Я все время думаю о тебе: ты, наверное, обиделась, что я при всех не подошел к тебе тогда, а послал Добровольского, и потом тебе еще долго пришлось меня ждать. Вообще-то к нам не в самую семинарию, но в лавру приходят девушки. Только совсем не такие, как ты. Они приходят обычно в церковь, в которой мы поем, или ждут в саду, когда будем проходить мимо из церкви в общежитие. Есть среди них просто любопытные, а есть — которые хотят познакомиться с выпускниками. Они знают, что нам обязательно полагается жениться, иначе не дадут назначения на приход. У этих, которые ищут женихов, даже заведено что-то вроде формы. Появляются они во дворе лавры обязательно в скромных платочках и плащах-пыльниках, иногда с мамашами, и мы уже знаем: невесты пришли показываться.

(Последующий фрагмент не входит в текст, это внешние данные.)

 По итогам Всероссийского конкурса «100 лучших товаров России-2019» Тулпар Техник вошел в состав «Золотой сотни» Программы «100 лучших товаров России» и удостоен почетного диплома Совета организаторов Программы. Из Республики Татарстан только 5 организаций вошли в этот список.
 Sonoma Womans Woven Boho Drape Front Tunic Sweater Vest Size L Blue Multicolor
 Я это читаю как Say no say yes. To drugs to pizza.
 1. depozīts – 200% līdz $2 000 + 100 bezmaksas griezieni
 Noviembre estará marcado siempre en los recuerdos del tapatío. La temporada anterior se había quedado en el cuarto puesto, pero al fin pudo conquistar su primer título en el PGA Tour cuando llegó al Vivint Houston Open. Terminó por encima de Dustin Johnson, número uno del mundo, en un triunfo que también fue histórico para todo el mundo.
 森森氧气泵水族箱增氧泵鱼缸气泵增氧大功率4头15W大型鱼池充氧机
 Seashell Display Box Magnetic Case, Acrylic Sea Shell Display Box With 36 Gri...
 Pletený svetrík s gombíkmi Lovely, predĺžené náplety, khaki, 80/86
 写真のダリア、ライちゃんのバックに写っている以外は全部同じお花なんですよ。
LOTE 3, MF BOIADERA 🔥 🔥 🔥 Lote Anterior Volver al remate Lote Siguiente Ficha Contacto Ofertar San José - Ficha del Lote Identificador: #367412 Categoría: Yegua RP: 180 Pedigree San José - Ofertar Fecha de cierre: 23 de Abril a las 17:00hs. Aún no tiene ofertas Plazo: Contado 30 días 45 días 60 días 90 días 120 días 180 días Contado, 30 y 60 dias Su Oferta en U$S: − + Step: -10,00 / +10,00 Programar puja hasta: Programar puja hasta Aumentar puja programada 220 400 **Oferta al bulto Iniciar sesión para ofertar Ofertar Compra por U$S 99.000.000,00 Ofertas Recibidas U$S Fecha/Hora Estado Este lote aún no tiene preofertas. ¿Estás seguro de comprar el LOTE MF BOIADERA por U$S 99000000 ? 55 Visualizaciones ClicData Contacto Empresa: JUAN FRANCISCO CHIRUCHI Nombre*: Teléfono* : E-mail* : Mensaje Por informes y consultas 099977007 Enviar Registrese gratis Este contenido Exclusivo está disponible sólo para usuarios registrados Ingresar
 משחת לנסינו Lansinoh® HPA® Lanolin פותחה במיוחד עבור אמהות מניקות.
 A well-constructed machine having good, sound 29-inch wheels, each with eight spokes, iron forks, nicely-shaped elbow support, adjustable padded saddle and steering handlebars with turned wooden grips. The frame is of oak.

Если бы я с тобой не встретился, мне тоже рано или поздно пришлось бы выбирать из них. И чтобы девушка была из хорошей семьи. Только здесь это значит не то, что всюду. Чтобы девушка была из семьи верующих. А мне и раньше девушки, которые к нам приходили, не нравились. А уж когда я с тобой познакомился... Ты совсем не такая. Ты и ходишь не так, и говоришь не так, и смеешься не так.
Конечно, не все из этих девушек верят, многие ищут женихов по расчету, а скромные пыльники — это временная форма, покуда с мужем на приход не поедут. А ты не станешь прикидываться. И креститься тоже не согласишься. А ведь твоего имени в святцах нет. С таким именем венчать не будут. Венчаться ты тоже не пойдешь, хотя венчание — очень красивый обряд. Что правда, то правда. Значит, мне нужно отказаться от надежды, что будем вместе, а я отказаться от этого не могу. Мне все кажется, что все само как-нибудь устроится. Нет, само ничего не устроится. Я побоялся тебя знакомить со своими однокашниками. Знал, что ты можешь сказать им что-нибудь такое, как мне... Сказать, что думаешь.
Испугался, скажешь ты. Да, испугался. Все-таки у меня год пропал после школы, теперь я в семинарии почти два года пробыл. Если отсюда уйти? Что я буду делать дальше? Не удивляйся, что письмо такое длинное. Я пишу его несколько дней подряд, таясь...
У меня есть дядя, он бы мне помог. Помнишь, я тебе о нем рассказывал? Но он такой человек, что даже если я буду задыхаться, а он рядом будет воздухом торговать, я у него не куплю.
Но если останусь здесь? В чем будет смысл моей жизни? В том, чтобы каждый день проводить по «Служебнику» или «Требнику» богослужение? И говорить людям, что я этим спасаю их души? Ты скажешь: значит, ты не веришь в бога, почему же не хотел мне ответить, когда я об этом спросила?
Я сам теперь не знаю. Я, например, никак не могу забыть, что когда у матери было горе — отец болел или я, — она шла в церковь и, возвращаясь оттуда, говорила, что ей стало легче. Добровольский мне как-то сказал: «Говорят, «религия — опиум», а опиум, между прочим, в определенных дозах — лекарство, снимает боль. Не замечал? Пришла твоя мать в церковь, поплакала, помолилась, выговорилась, свечку поставила, записочку написала за упокой твоего отца да за твое здравие — и спокойна».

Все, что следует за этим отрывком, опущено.